Work order
Only the lines from the one containing "The event is" to the end of the data below belong in the answer, each repeated exactly; no pictures.

[Extracted records]
++++++++++++++++++++

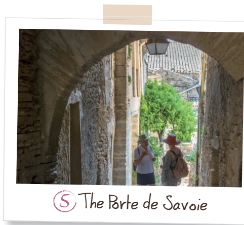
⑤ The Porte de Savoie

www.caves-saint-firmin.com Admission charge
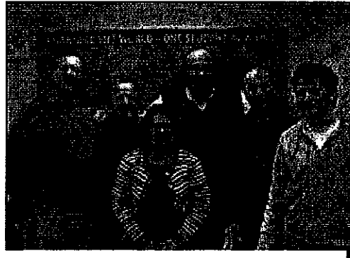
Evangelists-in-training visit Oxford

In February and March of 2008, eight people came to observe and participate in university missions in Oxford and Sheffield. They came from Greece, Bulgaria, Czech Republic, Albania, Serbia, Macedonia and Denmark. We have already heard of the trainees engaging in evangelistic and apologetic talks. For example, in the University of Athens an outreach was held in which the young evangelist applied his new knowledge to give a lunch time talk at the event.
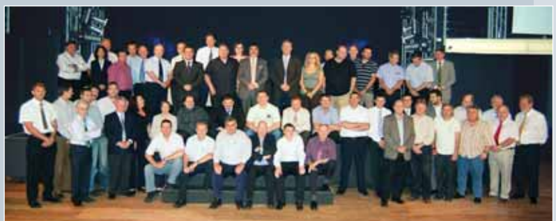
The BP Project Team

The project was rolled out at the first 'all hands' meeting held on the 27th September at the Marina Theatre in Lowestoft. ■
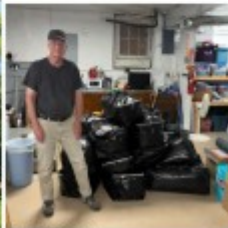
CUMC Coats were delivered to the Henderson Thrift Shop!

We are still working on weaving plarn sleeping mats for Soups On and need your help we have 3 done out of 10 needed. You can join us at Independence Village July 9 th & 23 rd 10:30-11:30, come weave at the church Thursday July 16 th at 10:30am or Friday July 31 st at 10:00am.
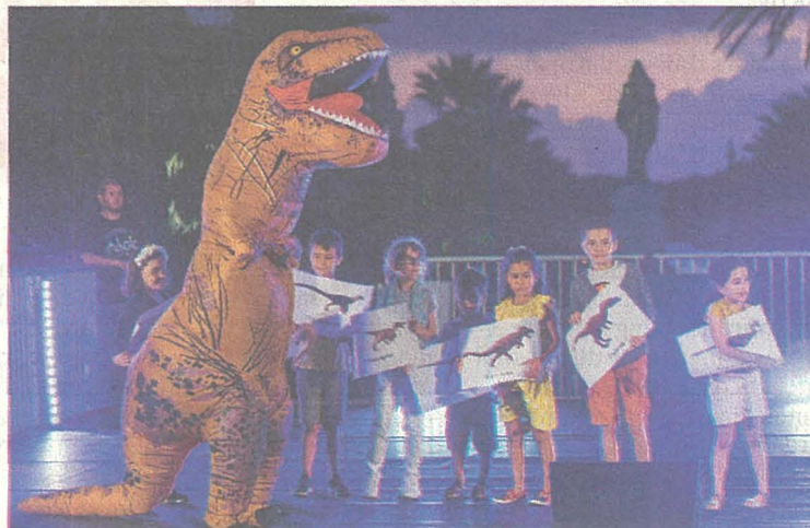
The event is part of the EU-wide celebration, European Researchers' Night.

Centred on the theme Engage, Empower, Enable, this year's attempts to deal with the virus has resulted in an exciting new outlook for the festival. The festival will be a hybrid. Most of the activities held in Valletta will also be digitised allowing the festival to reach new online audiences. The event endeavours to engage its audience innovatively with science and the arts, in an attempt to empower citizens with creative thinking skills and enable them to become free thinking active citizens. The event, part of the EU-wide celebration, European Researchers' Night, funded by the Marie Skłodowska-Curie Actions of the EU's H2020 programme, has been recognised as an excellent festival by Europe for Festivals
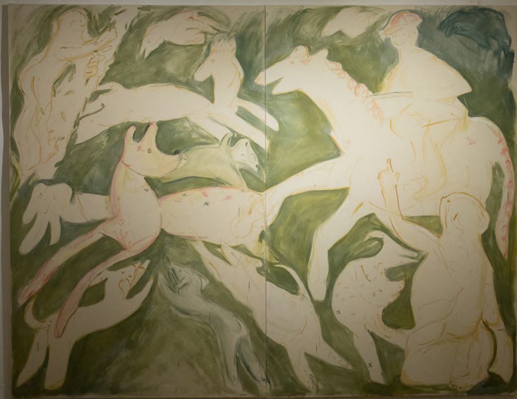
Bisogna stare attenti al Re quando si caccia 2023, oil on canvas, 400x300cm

++++++++++++++++++++

Output
The event is part of the EU-wide celebration, European Researchers' Night.

Centred on the theme Engage, Empower, Enable, this year's attempts to deal with the virus has resulted in an exciting new outlook for the festival. The festival will be a hybrid. Most of the activities held in Valletta will also be digitised allowing the festival to reach new online audiences. The event endeavours to engage its audience innovatively with science and the arts, in an attempt to empower citizens with creative thinking skills and enable them to become free thinking active citizens. The event, part of the EU-wide celebration, European Researchers' Night, funded by the Marie Skłodowska-Curie Actions of the EU's H2020 programme, has been recognised as an excellent festival by Europe for Festivals
Bisogna stare attenti al Re quando si caccia 2023, oil on canvas, 400x300cm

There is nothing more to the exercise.